The Whakaari Eruption - What happens when the regulator casts the net too wide?
On 9 December 2019, New Zealand experienced its most deadliest volcanic disaster since the Mount Tarawera eruption in 1886. Whakaari (White Island) violently erupted spewing toxic gas, ash and rocks into the air. The eruption killed 22 people and left 25 others seriously injured. The social and political impact left a nation shocked and a government clamouring to find answers and someone to blame.
On 30 November 2020, WorkSafe New Zealand (“WorkSafe”) filed criminal charges against 13 separate parties. In short, Worksafe claimed that while the eruption was unexpected it was nevertheless foreseeable. It also claimed that various tourist operators failed to follow health and safety guidelines and as a direct result, failed to protect people in their care.
Now let’s break the decision down and look closely at the legislation.
Health and Safety at Work Act 2015
Under the Health and Safety at Work Act 2015 (“Act”) the duties and responsibilities are extensive. Further those same duties also extend to situations where the activities of a Person Conducting Business or Undertaking, otherwise known as a PCBU, affects members of the general public (i.e the PCBU has an actual influence and control over an activity where harm occurs).
Section 36(2) provides the who, the what, the how and the why – all the ingredients required to undertake a robust examination of the facts. It states what steps a PCBU must put into place when its activities impact on “other persons.” But like most things in life, there are limitations to when the legislation is triggered. The law cannot prescribe every scenario that has the potential to cause harm, as that would narrow the focus of any investigation. Instead the exercise allows the person reading the legislation to apply an objective standard to the facts of the case.
Section 36 Primary Duty of Care
(1) A PCBU must ensure, so far as is reasonably practicable, the health and safety of—
(a) workers who work for the PCBU, while the workers are at work in the business or undertaking; and
(b) workers whose activities in carrying out work are influenced or directed by the PCBU, while the workers are carrying out the work.
(2) A PCBU must ensure, so far as is reasonably practicable, that the health and safety of other persons is not put at risk from work carried out as part of the conduct of the business or undertaking.
Legal Argument
Despite the fact that the National Emergency Management Agency (“NEMA”) did not deploy any of its workers or send any other workers to Whakaari, the argument put forward by WorkSafe was that NEMA had a duty to keep the general public actively informed about the level of volcanic activity on Whakaari. The basic premise here being that, had NEMA kept the general public informed about the volcanic activity, tourist operators and the like would not have travelled to the destination in the first place.
Keep in mind that against this backdrop, one needs to take stock of the literature in this field which clearly states that it is near impossible to predict the date of an eruption. Determining when an eruption is likely to happen is based solely on probability.
Nevertheless, WorkSafe argued that the process of carrying out that work was not only limited to sending workers to Whakaari but also included what they called NEMA’s work product. This body of work seems to include such things as notes, supplementary materials and advisory statements.

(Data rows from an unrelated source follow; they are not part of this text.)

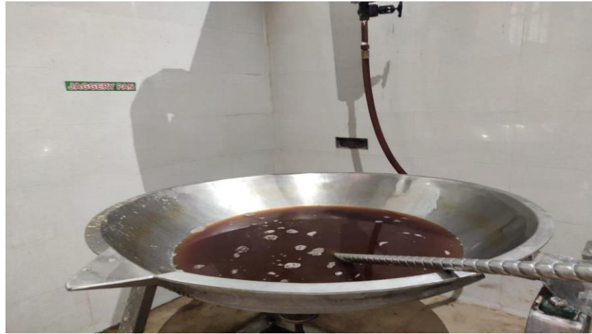
Preparing Jaggery from toddy
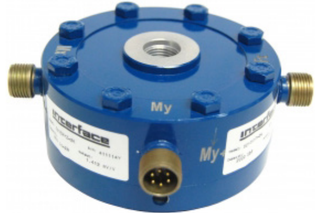
Model 5200 (shown)
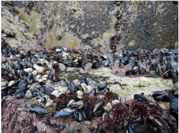
Gooseneck barnacle ( Pollicipes polymerus ) and California mussel ( Mytilus californianus )
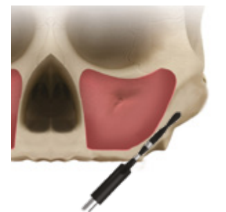
1. Start the osteotomy using JDPterygo drill Ø 2.0mm at the same implant length to be inserted.
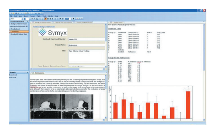
Figure 1. Symyx Notebook 6.1 lets biologists load reports from a biology data management system; capture observations in real time as they record results; annotate and summarise results; and make decisions based on all parameters (whether recorded, processed, or observed).

Extension points include integration with statistical analysis, kinetic modeling, and PK/PD modeling software as well as a variety of instruments and database systems including LIMS for sample management and data repositories such as the Waters NuGenesis SDMS. Integration with the company's own Assay Explorer biology data management system or Plate Manager software can also speed the collection, analysis, and reporting of biological results ( Figure 1 ).
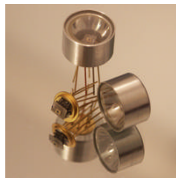
Package TO-5 with Parabolic Reflector

•Related products: PD24-03 can be used in optical pair with our LED16÷LED23 and LD200÷LD230 . We offer the preamplifier model AM-04 suitable for PD24-03
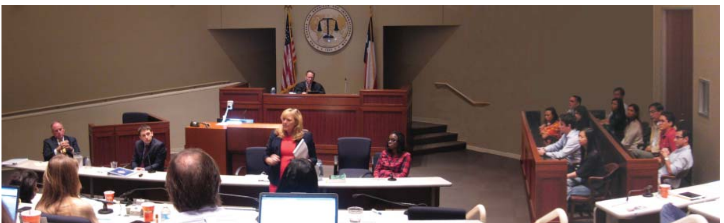
Academy participants take part in a mock civil trial, serving as plaintiff, defendant, jurors, and witnesses.
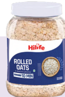
Rolled Oats JAR 450GM
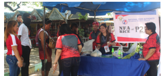
NATIONAL FOOD AUTHORITY
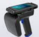
DLR-SLED02-EU 3138 Sled w/pogo pins DLR-SLED03-EU 3138 Sled w/USB-C DLR-SLED02-US 3138 Sled w/pogo pins DLR-SLED03-US 3138 Sled w/USB-C
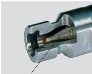
Integrated particle filter

The WEH-TN1 Receptacle works best with WEH fueling nozzles. We recommend types TK1, TK4, TK4i, TK5 CNG, TK10, TK10i, TK16 CNG and TK17 CNG.
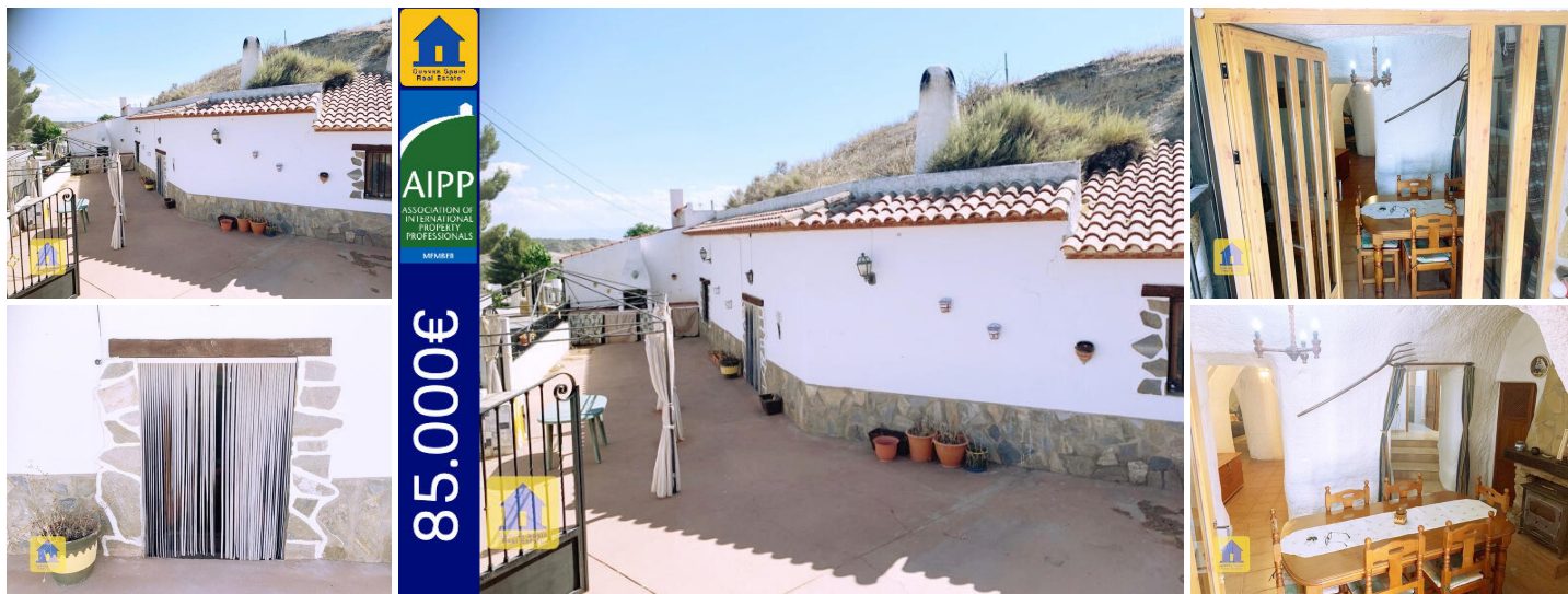
Cueva Leslie Los Olivos

Beautiful 3 bedroom cave in the quiet hamlet of Los Olivos. The property faces east-south-east with views of the Badlands. It has a large, gated patio with a shaded sitting area, barbecue and parking space. The house is fully cave with the exception of the kitchen which is outbuild. The entrance is through the dining room which has a wood burner, fireplace and storage cupboard. To the left are two bedrooms; one with a window and built-in closet. Straight on from the dining room is a wide hallway lined with quality wooden storage units, leading to a large salon with a light well and wood burner, and the third bedroom with wooden wardrobe. To the right from the dining room is the carefully finished full bathroom and large, sunny, fully tiled kitchen. The walls and ceilings are covered with projected cement, which gives a curvy, uniform finish. The floor tiles are uniform throughout, (except in the bathroom). The cave is sold nicely furnished. This property is in an impeccable state, ready to move in.

It also argued that “other persons” under section 36(2) included tour operators and visitors to Whakaari.
Going back to what was alluded to above, one can now see that the “scope” has been extended from those persons in direct control of the PCBU, including other persons who could be acting on or following instructions (directly or indirectly) to every man, woman or child who happened to be in the immediate vicinity on that fateful day.
Essentially what WorkSafe was saying is that by failing to consult, communicate, co-operate and coordinate the level of volcanic activity of Whakaari to the widest possible audience, NEMA put lives at risk.
District Court decision
The District Court rejected WorkSafe’s argument and held that the legislative background, namely the draft bills and explanatory notes, all focused on the workers and the workplace. This is what we call the “intention” of the legislation.
It also noted that the broad duty of care that was proposed by Worksafe went too far and would require additional statutory guidance.
As a result, the Court confined the scope of the duty of care to work activities and not work product (based on the unique facts of this case). However, it should be noted that this particular case opens the door to further debate on where the boundary should be set insofar as the duty to the general public is concerned.
In the writer’s humble opinion, to grow the scope beyond the limits of the legislation would result in something grossly unfair and unreasonable. It would artificially grow the influence and control element (over any activity that a PCBU engages in) to a point where objectivity is completely lost and the assertion itself becomes absurd.
This case clearly demonstrates that WorkSafe is determined to push ahead and continue to debate the issue at a later date.